Death itself then appears but an event, perhaps glorious, at least sudden, and not preceded by decline.

But that death which comes without having been sought by courage, that death of darkness which steals from you in the night all that you hold most dear, which despises your lamentations, repulses your embrace, and pitilessly, opposes to you the eternal laws of nature and of time! such a death inspires a sort of contempt for human destiny, for the impotence of grief, for all those vain efforts that dash and break themselves upon the rock of necessity." Such were the sentiments that tormented Oswald; and what particularly characterised his unhappy situation, was the vivacity of youth united to thoughts of another age.

He entered into those ideas which he conceived must have occupied his father's mind in the last moments of his life; and he carried the ardour of twenty-five into the melancholy reflections of old age.

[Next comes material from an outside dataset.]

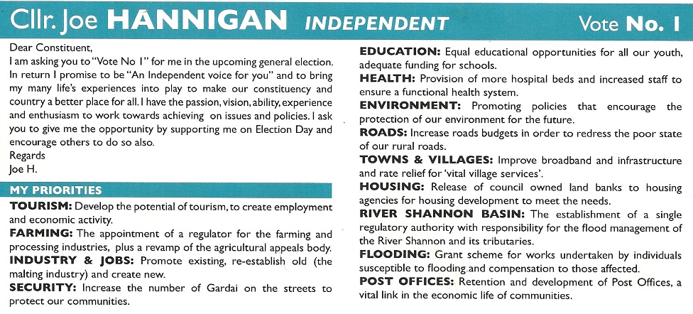 A leaflet from Tipperary based Joe Hannigan who is running as an Independent in the Offaly North Tipperary Constituency .

He was weary of every thing, and yet still regretted happiness, as if her illusions were still within his grasp.
This contrast, quite in hostility with the ordinance of nature, which gives uniformity and graduation to the natural course of things, threw the soul of Oswald into disorder; but his manners always possessed considerable sweetness and harmony, and his sadness, far from souring his temper, only inspired him with more condescension and goodness towards others.
Two or three times during the passage from Harwich to Empden the sea put on the appearance of approaching storm; Lord Nelville counselled the sailors, restored confidence to the passengers, and when he himself assisted in working the ship, when he took for a moment the place of the steersman, there was in all he did, a skill and a power which could not be considered as merely the effect of the agility of the body,--there was soul in all that he did.
On his quitting the vessel all the crew crowded around Oswald to take leave of him; they all thanked him for a thousand little services which he had rendered them during the voyage, and which he no longer remembered.